Davidson says Shear's ability to avoid venture capitalists was crucial. "It's very clear that from 1990 to 1995 if the VCs had been in and not been extremely patient, this company would never have gone as far as it has gone," Davidson says. "It had to crunch and crack some fundamental computer science problems before it could get to where it was."

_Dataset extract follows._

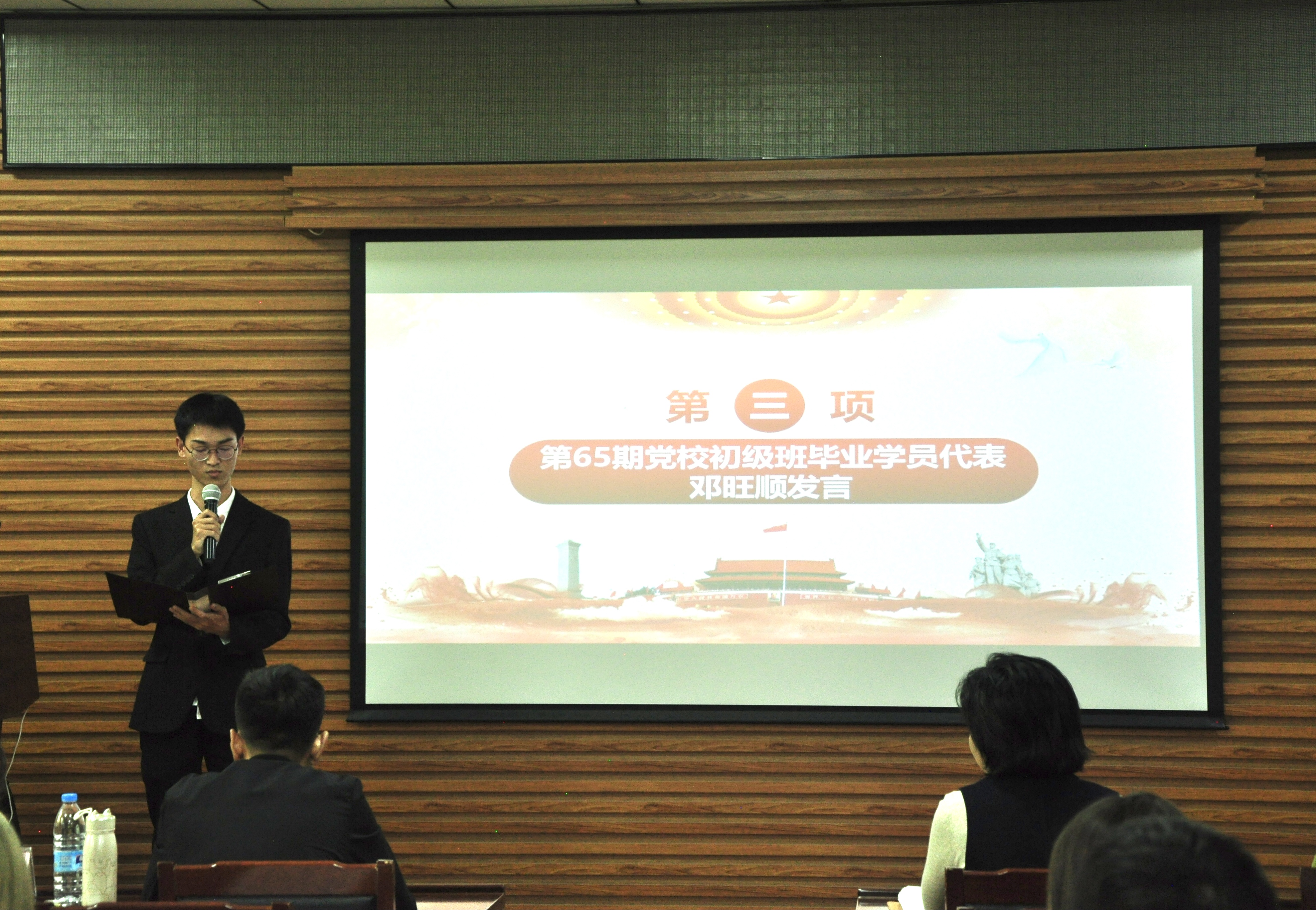 第65期党校初级班优秀结业学员代表邓旺顺分享了学习体会,并号召全体新学员学好党的理论知识,树立崇高理想信念,在学习中不断端正入党动机,在成为合格党员的路上不断进发。本期党校初级班学员钱奕明代表全体初级班学员发言,她承诺到,将在今后的学习中主动完善自我,充分发挥模范带头作用,努力成为符合党和人民期望的合格的社会主义建设者和接班人。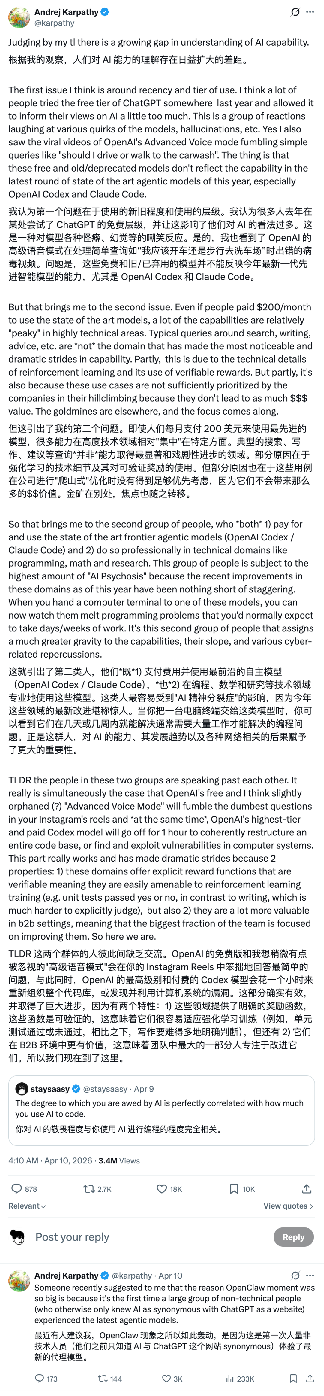 文弘博也向 APPSO 透露,后续他们还有相关的工作,来帮助用户更好地应对类似中转站被「劫持」的风险。🌍 AI 超级用户和普通用户,已经活在两个平行宇宙OpenAI 创始成员、前特斯拉 AI 总监 Andrej Karpathy 在 X 上发了一条长帖,试图解释为什么 AI 的「信徒」和「怀疑者」之间的分歧越来越大。他把用户分成两类。第一类:去年随手试过免费 ChatGPT,被 AI 答不上「我应该开车还是走路去洗车」之类的问题逗乐,然后基本就没再动过。第二类:每月付费,用 Claude Code 或 OpenAI Codex 处理编程、数学和研究工作,最近被 AI 能力的进化速度吓到的重度用户。问题在于,这两类体验都是真实的,他们也是完全的「各说各话」。Karpathy 解释了为什么差距这么大:当前 AI 的能力是「peaky」(尖峰型)的,在技术领域突飞猛进,在搜索、写作、日常建议这些普通用途上进展有限。而背后有两个原因,编程和数学有可验证的明确奖励函数(单元测试过没过,答案对不对),强化学习训练起来容易;同时这些方向在 B2B 市场更值钱,各家公司把最多的资源都押在这里。他还提到,此前在网上爆火的 「OpenClaw moment」,之所以能掀起那么大讨论,可能正因为它是很多普通用户第一次真正接触到更新一代的模型。这个细节也解释了为什么 AI 舆论场会越来越割裂,一边是觉得「也就那样」的怀疑者,一边是已经把 AI 当成生产力基础设施的超级用户。🔗 https://x.com/karpathy/status/2042334451611693415💰 微软高管:Agent 也要像员工一样买软件席位微软执行副总裁 Rajesh Jha 近日在一场会议上提出一个颇具冲击力的观点:未来企业部署的大量 AI Agent,可能需要拥有独立身份,包括登录账号、邮箱,甚至在企业软件里占据单独的 license seat(软件席位)。换句话说,AI 不一定会压缩 SaaS 收入,反而可能把「按席位收费」这套模式推向新阶段。微软执行副总裁 Rajesh Jha

Davidson says if Intertrust succeeds from here, it will demonstrate two things: the value of patents in computer software, where they have never been systematically used before, and the value of fundamental computer science versus "quick iteration". He also says people will look at the Intertrust model to see if it can be systematically replicated.

But in the absence of an established serial entrepreneur with deep pockets, how can such a model be funded? Davidson says the biggest problem with getting outside investors into long-term research projects is the absence of a market to give their investment liquidity, so that they can cash out at any time. But he says it is possible to envisage how such a market might be created, once people understand the blue-sky potential of long-term research.

One way, he says, might be to securitise investments in several long-term research based start-ups such as Intertrust, in the same way as debts such as mortgages or car loans can be turned into financial products and sold in units. That way, a package of start-ups can be bundled together, unitised, and a valuation struck for each unit based on the historical hit rate of such companies. The investments could be traded just like any other listed or unlisted unit trust.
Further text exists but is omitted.